TASK PROMPT: Reproduce the listing below from the line with "Envoyez par email" to the line with "of cat lovers.", both lines included, character for character, minus any pictures.

PROVIDED MATERIAL:
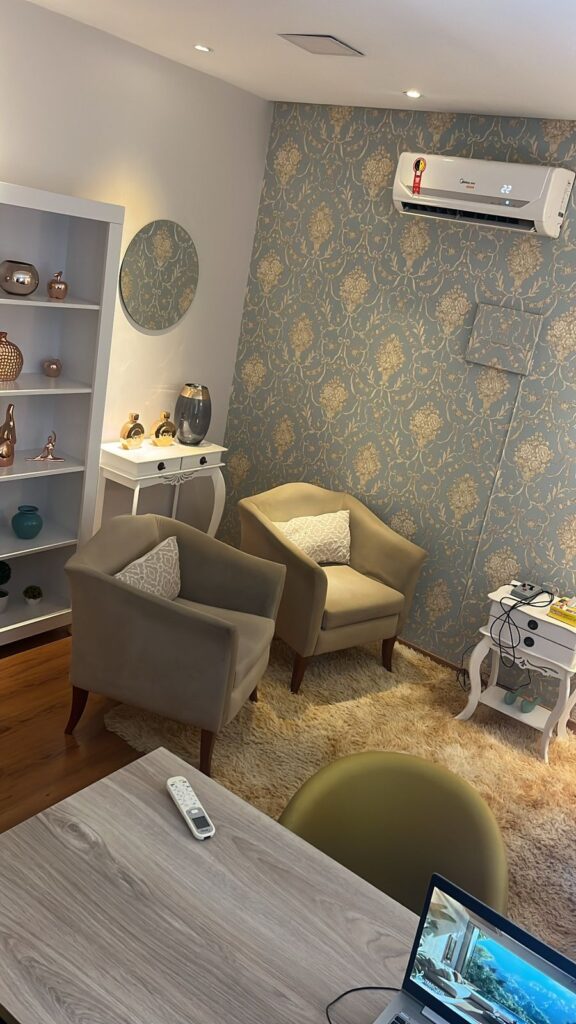 Meu consultório fica localizado no Edifício i9, na avenida T9, no Jardim América, na cidade de Goiânia. Lá temos uma recepção confortável e um consultório aconchegante para receber você. O agendamento é feito direto comigo pelo WhatsApp. As sessões são semanais com duração de 50 minutos.
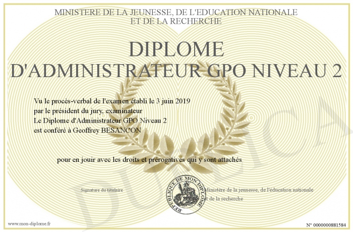 Envoyez par email votre Diplôme d'Administrateur GPO Niveau 2 personalisé
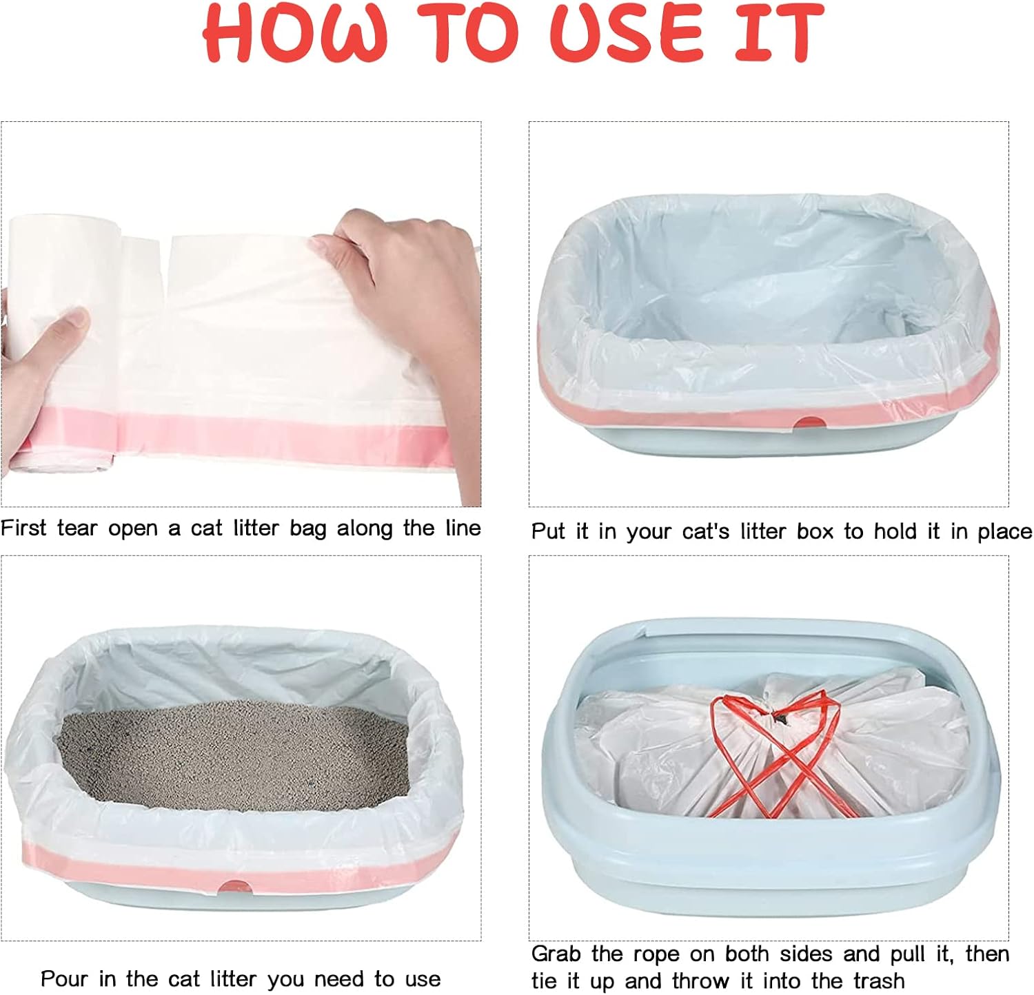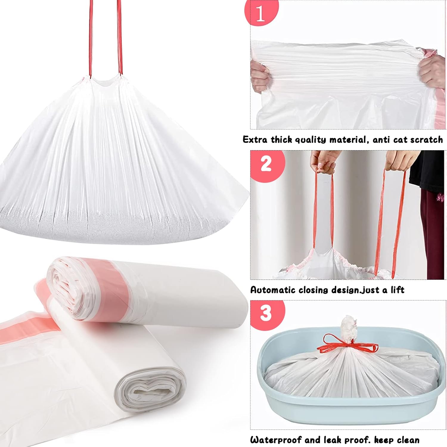 • Drawstring Design, Convenient Cleaning: Cat trash bags designed with drawstring make cleaning litter a cinch. No More Messes, No More Scrubbing, No Odor. When it’s time to change the litter, just lift litter bags ties, close and throw away. Cat owners can finish clean kitty litter box within 30S. Save your cleanup time, perfect for the busy household of cat lovers.
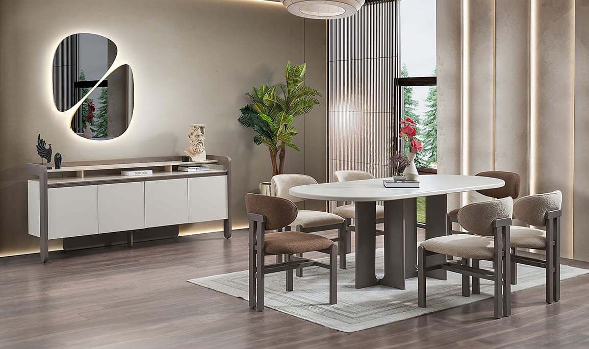 | Team Content | It consists of 1 console and mirror, 1 dining table, 6 chairs. TV unit and center table are offered for sale as options. |
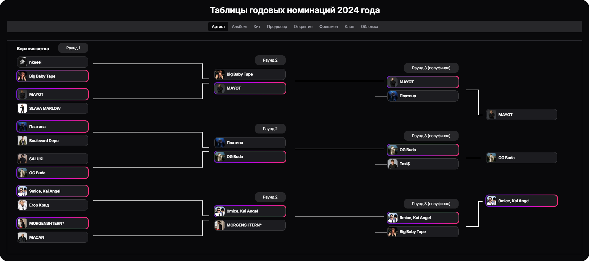 Внесли сетки годовой премии по всем номинациям за 2024 год
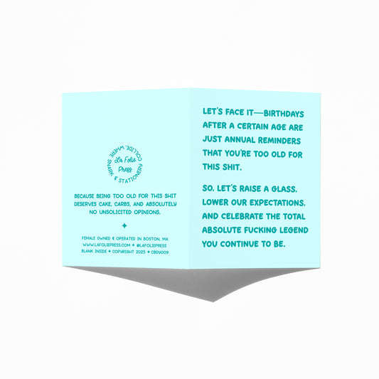 Funny birthday card with adult humor message on front, too old for this shit design, blank inside.
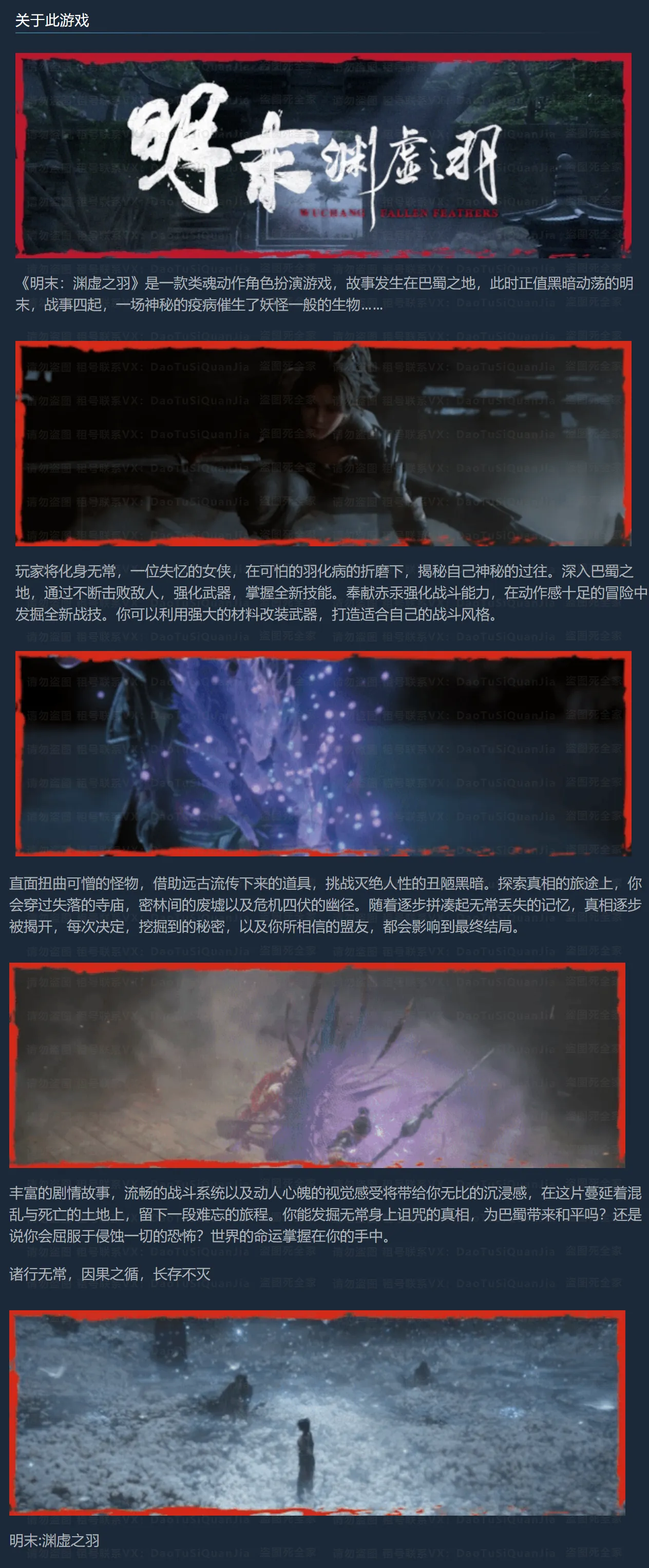 明末:渊虚之羽是一款类魂动作角色扮演游戏,故事发生在巴蜀之地,此时正值黑暗动荡的明末,战事四起,一场神秘的疫病催生了妖怪一般的生物……
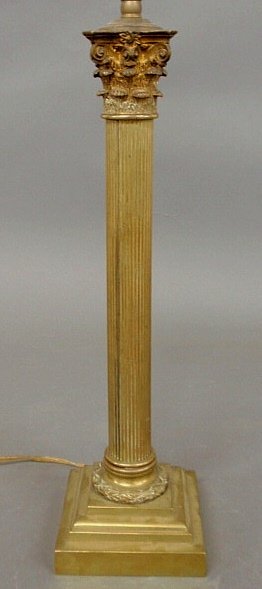 Brass column form lamp base, 19th c., converted t
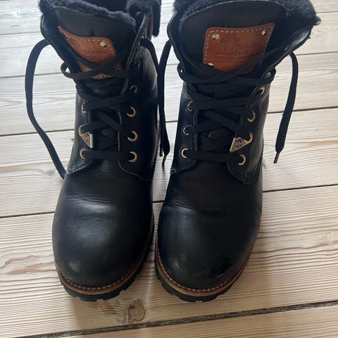 Chelsea-støvler fra mærket Panama Jack, model Giordana Igloo Travelling - støvlen har vandafvisende sorte læder og indeni en varm foring af lammeuld.
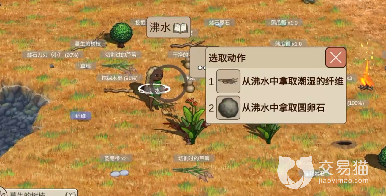 4、制作草绳:我们把切割的芦苇丢进沸水中烹饪,随后我们找到一个【蔓生的树枝】打捞芦苇,放在地上就会获得【纤维】;记住多准备芦苇,一个沸水坑只能煮一个芦苇;

EXERCISE OUTPUT:
 Envoyez par email votre Diplôme d'Administrateur GPO Niveau 2 personalisé
 • Drawstring Design, Convenient Cleaning: Cat trash bags designed with drawstring make cleaning litter a cinch. No More Messes, No More Scrubbing, No Odor. When it’s time to change the litter, just lift litter bags ties, close and throw away. Cat owners can finish clean kitty litter box within 30S. Save your cleanup time, perfect for the busy household of cat lovers.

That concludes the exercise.